示例输出（Chapter_004.txt）：

[{"question": "为什么林老爷让小棠牵着青青的手出去？","answer": "林老爷让小棠牵着青青的手出去，是为了在皇帝生气的情况下，小心护着青青离开皇宫..."},...
]

示例工作流程

上传：上传包含青青、玉珍等角色故事的 Chapter_004.txt。
处理：工具将文本分割为句子，生成问题，补充主语，使用 RAG 生成回答。
输出：
- 状态：文件处理成功！共生成 18 个 QA 对，保存至 Chapter_004.qa.json
- 表格：展示类似“为什么青青低着头往前走？

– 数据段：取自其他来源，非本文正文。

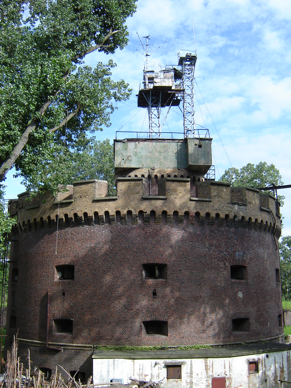 Fort Anioła in Świnoujście, Poland

”的 QA 对。
- 图表：显示句子数量（例如 20）和 QA 对数量（例如 18）的柱状图。
- 下载：提供 Chapter_004.qa.json 文件。

注意事项

API 密钥安全：切勿硬编码 API 密钥，建议使用 .env 文件存储。
性能：大型文件可能增加处理时间和 API 成本，建议分割大文件。
Gradio 界面：确保 Gradio 服务器运行以访问 Web 界面。使用 demo.launch(share=True) 可公开分享（需 Gradio 账户）。
依赖问题：如遇到 chromadb 或 sentence-transformers 问题，确保 Python 环境干净且版本兼容。